Rinfret’s investigation is separate from the Quebec coroner’s inquiry into the pandemic death toll at seniors’ residences and the impact of the pandemic on the sector as a whole — although both share the goal of uncovering what went wrong and identifying what needs to change.

Read the full story

World roundup: COVID-19 developments in Germany, South America, South Korea

Germany is poised to pass 100,000 deaths from COVID-19 this week in its official government tracking, a sombre milestone western Europe’s most populous country had hoped to avoid.

Vaccination rates have stalled at 68 per cent of the population, far short of the 75 per cent or higher that the government had aimed for, with lower uptake in some regions of the former East Germany.

Some German politicians are suggesting it’s time to consider a vaccine mandate, either for specific professions or for the population as a whole, a step neighbouring Austria recently took.

Angela Merkel’s apparent successor as chancellor, Olaf Scholz of the centre-left Social Democrats, has refused to be drawn on whether he would back compulsory COVID-19 shots.

Germany’s disease control agency reported a record 66,884 newly confirmed cases on Wednesday and 335 deaths. The total death toll from COVID-19 stood at 99,768 since the start of the pandemic, the Robert Koch Institute said. German weekly Die Zeit, which conducts its own count based on local health authority figures, said the 100,000 threshold had already been passed.

Nursing home deaths have been the bane and shame for a number of countries in the pandemic, but in South Korea, fundamentalist religious groups have triggered superspreading events. A little-known sect is now at the centre of a COVID-19 outbreak there, as the country reported a new daily record of 4,116 cases.

In a tiny rural church in a town of 427 residents in Cheonan city, south of Seoul, at least 241 people linked to the religious community had tested positive for coronavirus, a city official told Reuters on Wednesday.

Many of the congregation were in their 60s and above and were unvaccinated. The church opened in the early 1990s and has encouraged communal living while its pastor performs a ritual act of placing hands on the eyes of parishioners to rid them of secular desire, according to Jung youn-seok, head of a South Korean cult information resources think-tank.

Shincheonji was a church at the centre of an explosion of cases in 2020, with at least 5,227 people linked to its 310,000 followers infected after attending a service in Daegu.

The national case rise has seen about 71 per cent of intensive care beds filled up across the country for coronavirus-related reasons and 83.7 per cent in capital Seoul and neighbouring areas alone, Son Young-rae, a senior Health Ministry official, told a briefing.

The Pan American Health Organization (PAHO) held its weekly briefing on Wednesday, reporting that nearly every country in South America except Brazil, Suriname and Venezuela is reporting increasing COVID-19 infections, although experts in the past have questioned the official numbers from Venezuela’s autocratic government.

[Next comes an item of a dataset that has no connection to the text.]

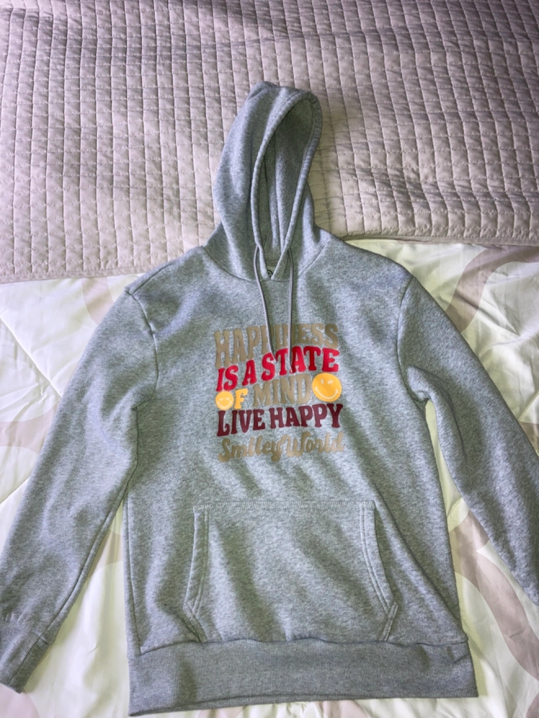 31Grey pullover hoodie. Features a graphic print on the front. Drawstring hood. Long sleeves. Soft material. Great for casual wear. Size small

The biggest jumps were in Ecuador and Paraguay, PAHO said. Bolivia is having a localized upsurge, with a 400 per cent increase in cases in the Santa Cruz department after recent strikes and protests prevented people from accessing COVID-19 vaccination and testing sites.

While 51 per cent of people in Latin America and the Caribbean have been fully vaccinated against COVID-19, there are 19 countries where vaccination coverage is below 40 per cent of the population.